As part of my current project, I have written an interface that performs a database search (using webservices and relevant client stubs) and returns the results - which will be used subsequently by a struts action as a response to a JSON request.

The interface is something like this:

    public interface DynamicSearchProvider {

        JSONObject getSearchResultsAsJSONObject(DatatablesRequestParams params) 
                throws JSONException;

    }

and then for each specific type of object, a concrete version of the above will be implemented so that it will call the relevant web services and returns a result.

Basically, it's just wrapper around a bunch of business logic as far as I can tell.

The question is, what would you call this? I don't like the term provider as it's quite ambiguous. Is there a well defined design pattern for this?

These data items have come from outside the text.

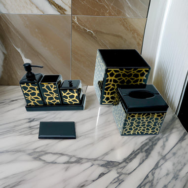 Add a luxurious touch to your bathroom with this elegant set, including a Soap Dispenser, Soap Dish, Toothbrush Holder, Dust Bin / Plant pot holder, Small Tray, and Powder Box with Lid.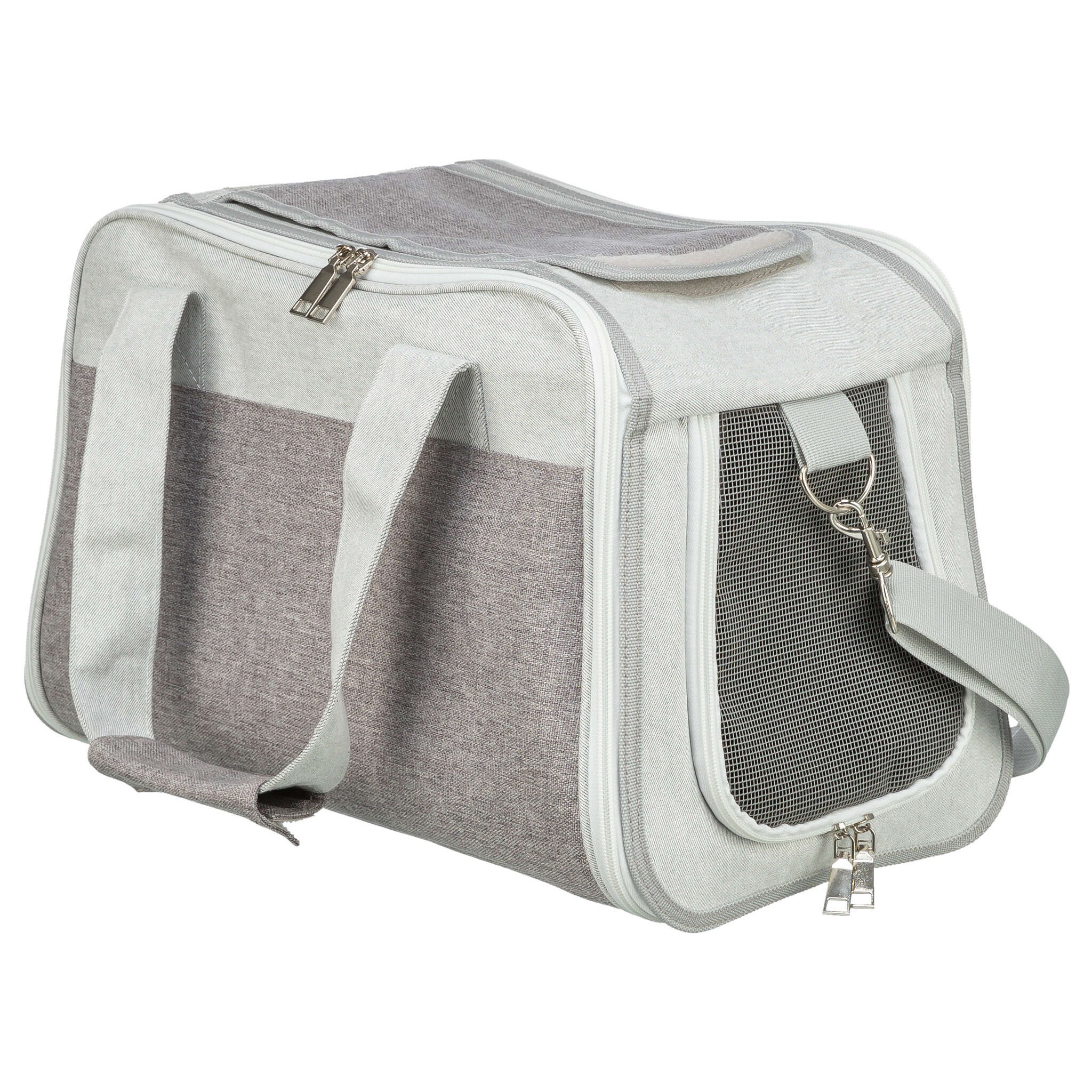 Torba Libby to funkcjonalny produkt, który otwiera się zarówno z przodu, jak i z góry. Jest wyściełana dla większego komfortu pupila. Posiada możliwość zakrycia górnej wstawki siatkowej, co zwiększa prywatność. Zewnętrzna kieszeń umożliwia przechowywanie drobnych przedmiotów, a zdejmowany pas naramienny zapewnia wygodę podczas transportu. Torba wyposażona jest również w zintegrowaną krótką smycz oraz wyściełaną, zdejmowaną podstawę. Wykonana jest z poliestru, co zapewnia jej trwałość.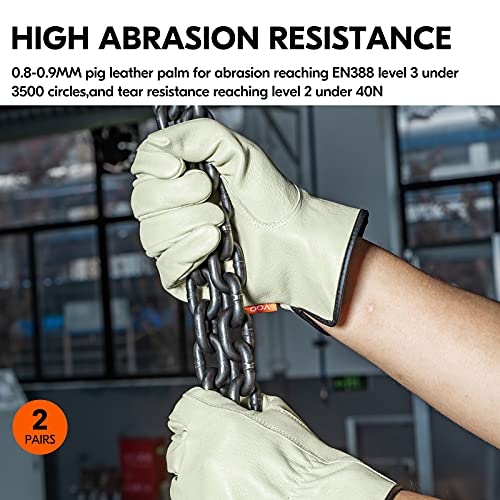 - MATERIAL - Carefully selected high-quality pigskin leather protecting hands from the hard environment in a wide variety of tasks. 0.8-0.9MM premium pigskin leather for abrasion reaching EN388 level 3 under 3500 circles,and tear resistance reaching level 2 under 40N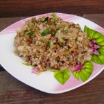 В гречневую кашу с картофелем кладется лук, если все-таки выбор будет сделан в его пользу, и сливочное масло, после чего все перемешивается и подаётся.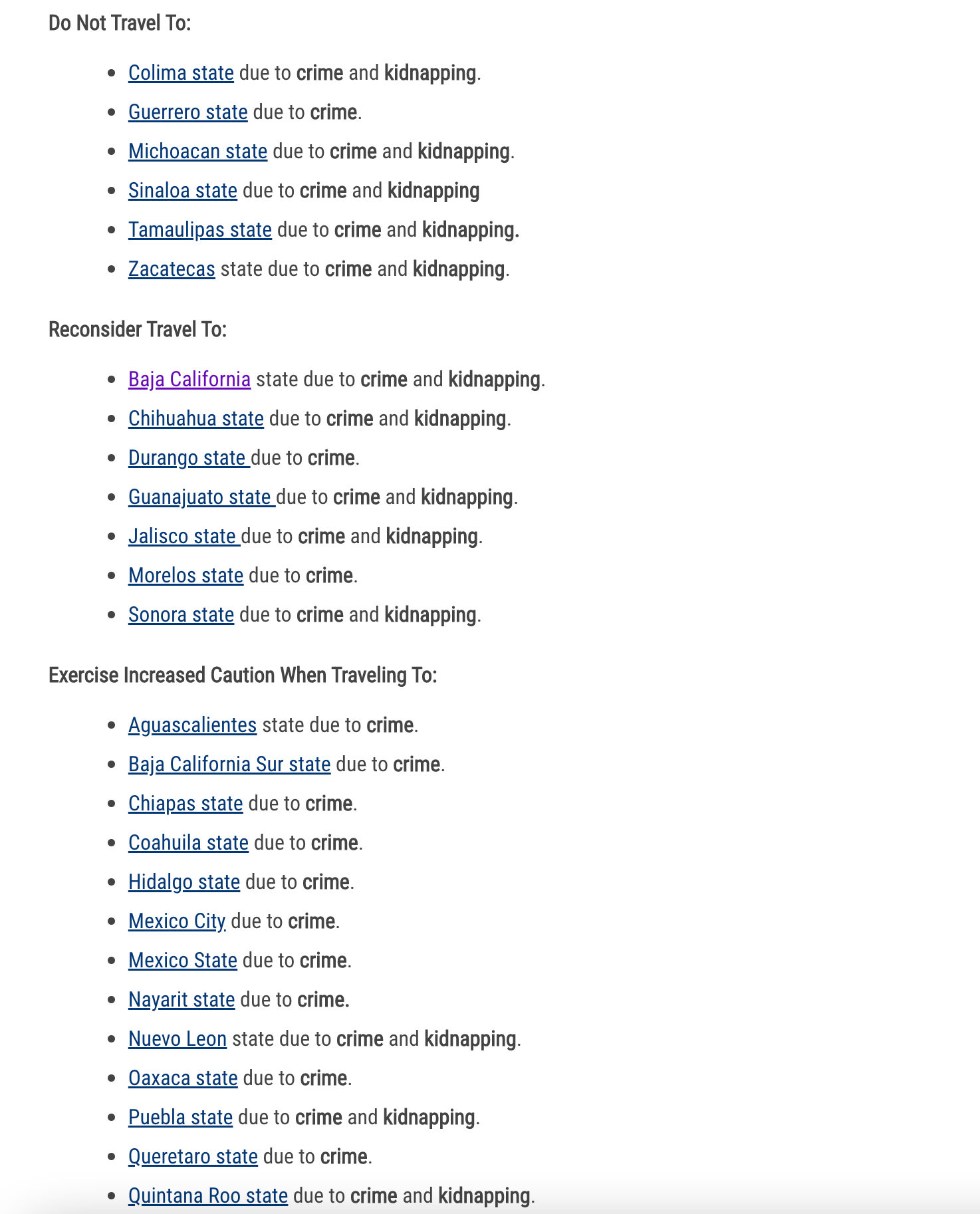 Six Mexican states have a "Do not travel" warning: Colima, Guerrero, Michoacan, Sinaloa, Tamaulipas and Zacatecas.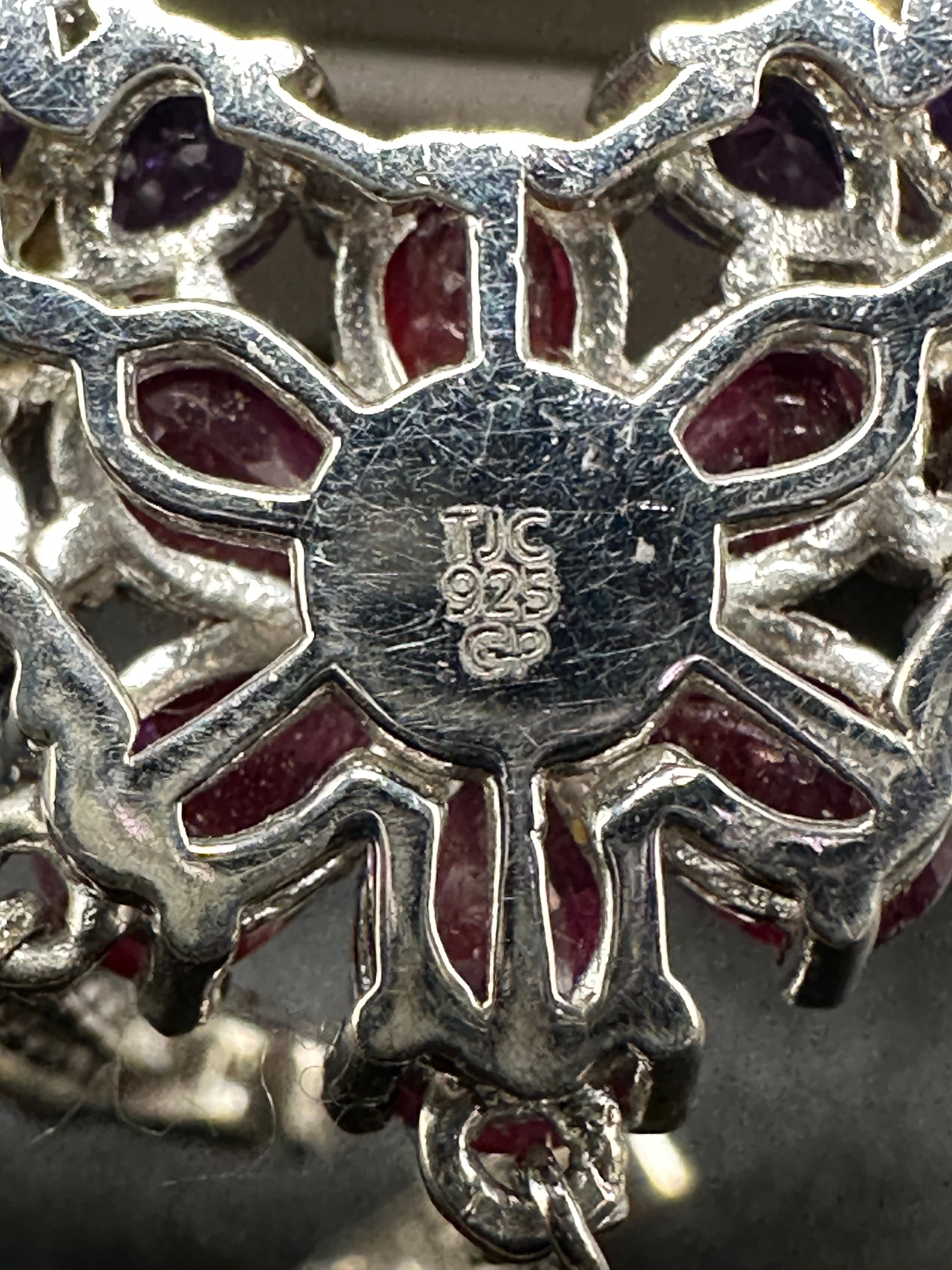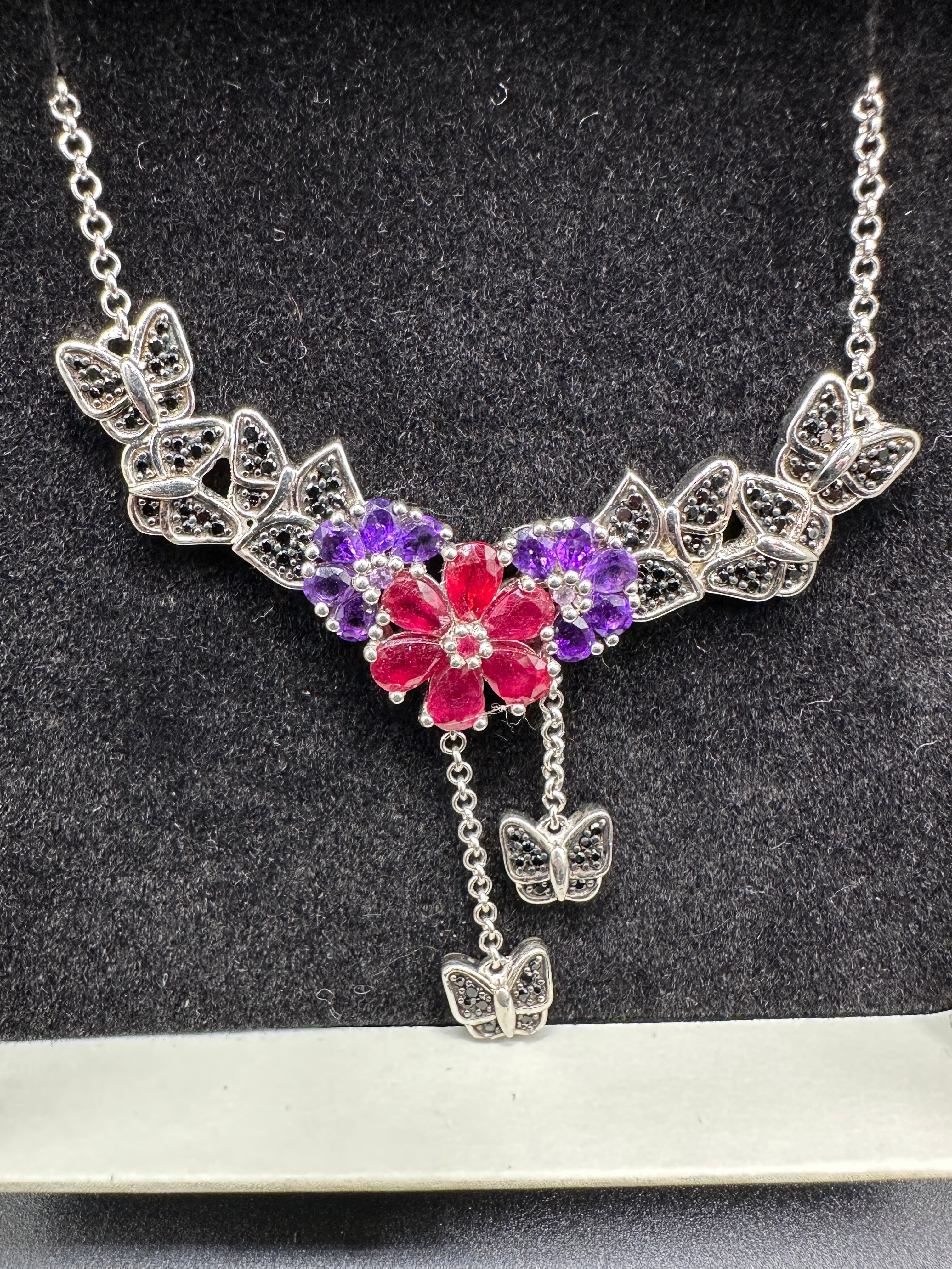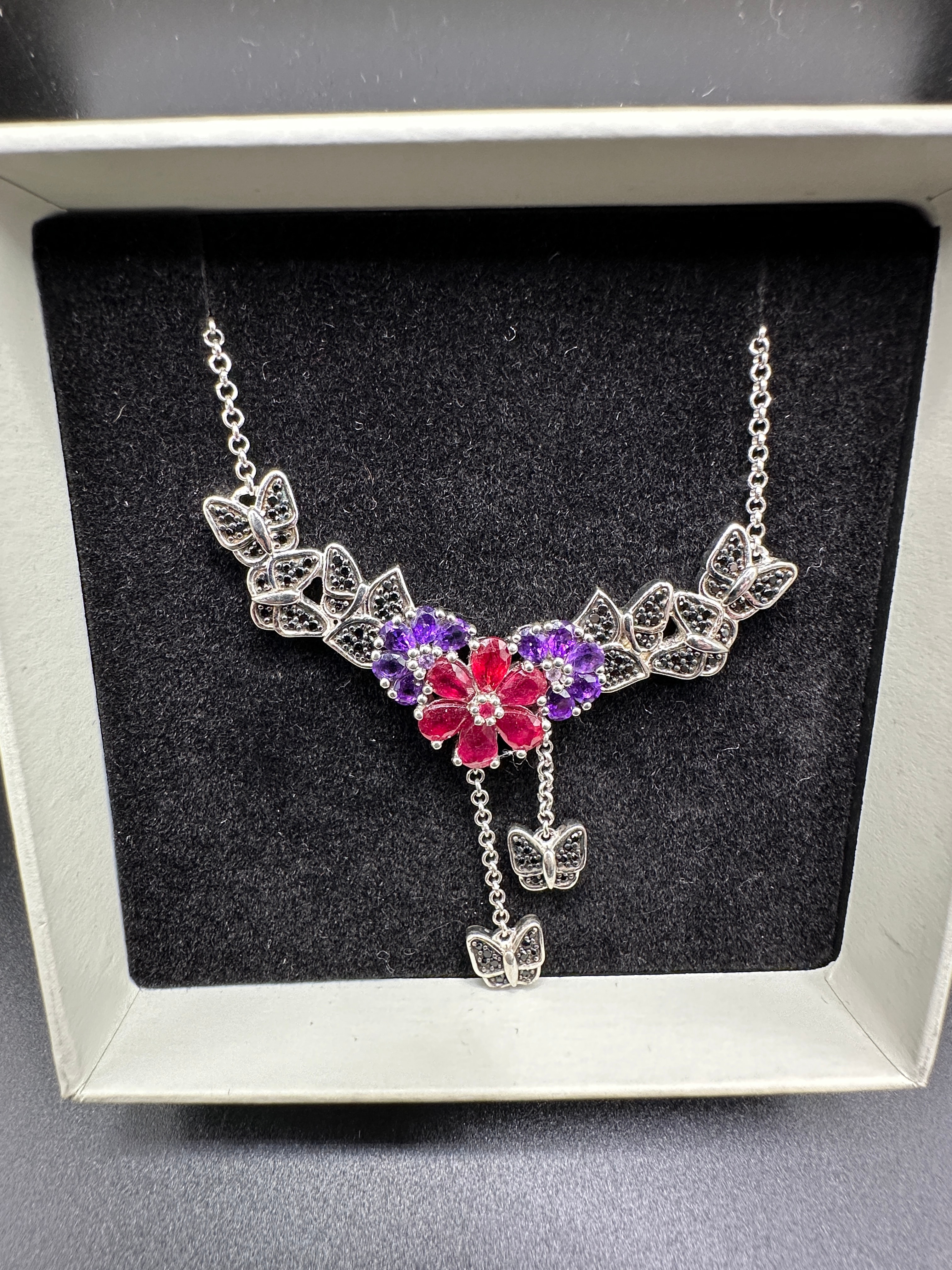 A modern Sterling Silver necklace, verified by the “925” hallmark, featuring a central collar-style pendant. The design prominently displays a floral and butterfly motif, with a central flower set with red/pink faceted stones, flanked by two flowers set with purple faceted stones. The remaining elements of the collar and three dangling butterflies are adorned with numerous small, black faceted stones. The reverse of the central pendant is also marked with “TJC” and “QJ”. The necklace is presented in a white gift box.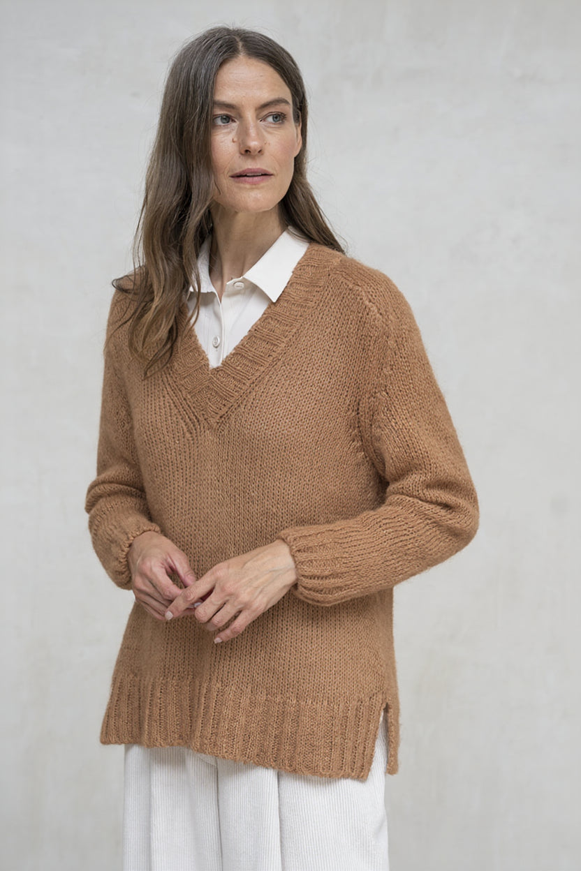 El jersey Specco camel es una prenda versátil y elegante, ideal para aportar calidez a tus looks de otoño e invierno. Su diseño con cuello pico realza el escote y permite superponer camisas o blusas, ofreciendo un aire más sofisticado. Confeccionado en un tejido de tacto suave y confortable, es perfecto para acompañarte tanto en tu día a día como en momentos de ocio. El tono camel, sobrio y atemporal, facilita la combinación con diferentes gamas cromáticas, convirtiéndose en un imprescindible de tu armario.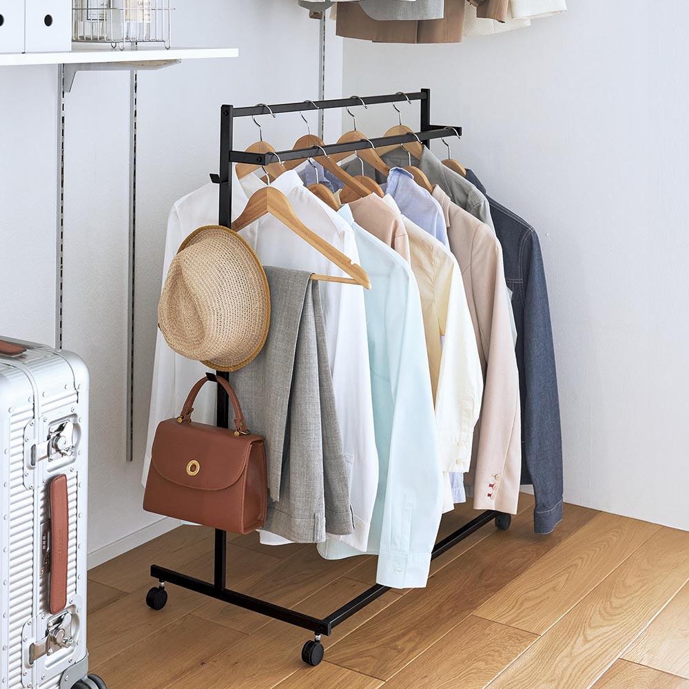 段違いに服を掛けて 上段・下段に服を掛けるからハンガー部分の厚みが減り、収納力が上がる2段式のハンガーラックです。服でいっぱいの収納スペースに余裕ができるので、服選びがしやすくなり身支度もスムーズに。クローゼットに掛けた服の下にこちらのラックを置くだけで収納量が上がり、デッドスペースを収納スペースに変えてくれます。押入れにも収まるサイズなので、押入れを新たにクローゼットとして活用!お部屋の空間を無駄なく使える優れものです。また、縦・横どちらの向きでもスペースに合わせて設置可能。キャスター付きで移動や掃除もラクラクです。サイドの4連フックには、帽子やミニバッグなどのファッション小物を収納。ラックの左右どちらにも取り付け可能です。 ![]() ![]() ![]() ![]() ![]() ![]() ![]() ![]() ![]() ![]() ![]() ![]() ![]() ![]() ![]() ![]() |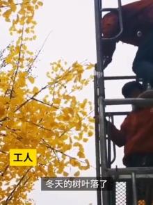 ▲10月27日,郑州高新区一商场将路边栽种的8棵银杏树绑上假树叶。这些假树叶颜色金灿,工人称装上后更美观。环卫工人表示,银杏叶还没落完,他们就把真树叶撸掉后装上假树叶。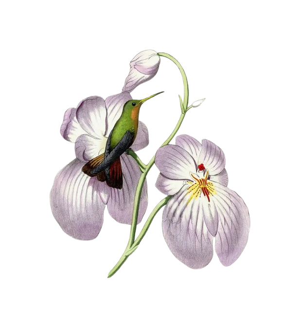 This artwork is a delicate illustration of a hummingbird perched on an orchid. The bird, with shimmering green feathers, an orange throat, and dark wings, contrasts vividly against the soft lilac petals of the orchid. The flowers, detailed with gentle folds and intricate markings of yellow and red, add elegance and depth to the composition. The slender stem curves gracefully, framing both bird and blossoms in harmony. The fine shading and lifelike detailing highlight the fragility of the orchid and the vibrancy of the hummingbird. Set against a clean white background, the piece captures the beauty of nature with refined artistry.

Ideally I would have preferred to use Spring with this by the way but unfortunately I can't in this project as it's part of a legacy code base...

EDIT:

Here's where it gets used:

public abstract class GenericDynamicSearchAction extends GenericAction {

    private static Log log = LogFactory.getLog(GenericDynamicSearchAction.class);

    /**
     * Method to be implemented by each individual search action
     */
    public abstract DynamicSearchProvider getDynamicSearchProvider();

    public final ActionForward executeAuthenticated(ActionMapping mapping, ActionForm form, HttpServletRequest request, HttpServletResponse response) throws IOException {

        log.debug("called");

        DatatablesRequestParams datatablesRequestParams = DatatablesUtils.extractDatatablesParamsFromRequest(request);

        try {


            JSONObject jsonResponse = getDynamicSearchProvider().getSearchResultsAsJSONObject(datatablesRequestParams);

            String echo = datatablesRequestParams.getEcho();

            jsonResponse.put(DatatablesUtils.ECHO_FIELD_NAME, echo);
            response.setContentType("application/json");

            String jsonResponseString = jsonResponse.toString();

            log.debug("Returning JSON response:"+jsonResponseString);

            response.getWriter().print(jsonResponseString);

        } catch (JSONException e) {

            response.setContentType("text/html");
            response.getWriter().print(e.getMessage());

        }

        return null;

    }

etc...

So, for a specific type of object, a concrete version of the above Action class (it's stuts action by the way) is implemented, and it will have a reference to an implementation of the above "Provider"... like this:

public class PolicyDynamicSearchAction extends GenericDynamicSearchAction {

    @Override
    public final DynamicSearchProvider getDynamicSearchProvider() {

        return new PolicyDynamicSearchProvider();

    }
}

and

public class PolicyDynamicSearchProvider implements DynamicSearchProvider {

    public final JSONObject getSearchResultsAsJSONObject(DatatablesRequestParams params) throws JSONException {
//some business logic that goes to webservice etc to get the info
}
}

Hope it makes it clearer.

2

There are 2 answers

7
Rostislav Matl On BEST ANSWER

Guessing from you "bunch of business logic" it is a Facade. Still, IMHO naming classes after the design pattern is not a good idea generally. First, class can implement several design patterns at once, second this approach is hard to maintain during refactorings.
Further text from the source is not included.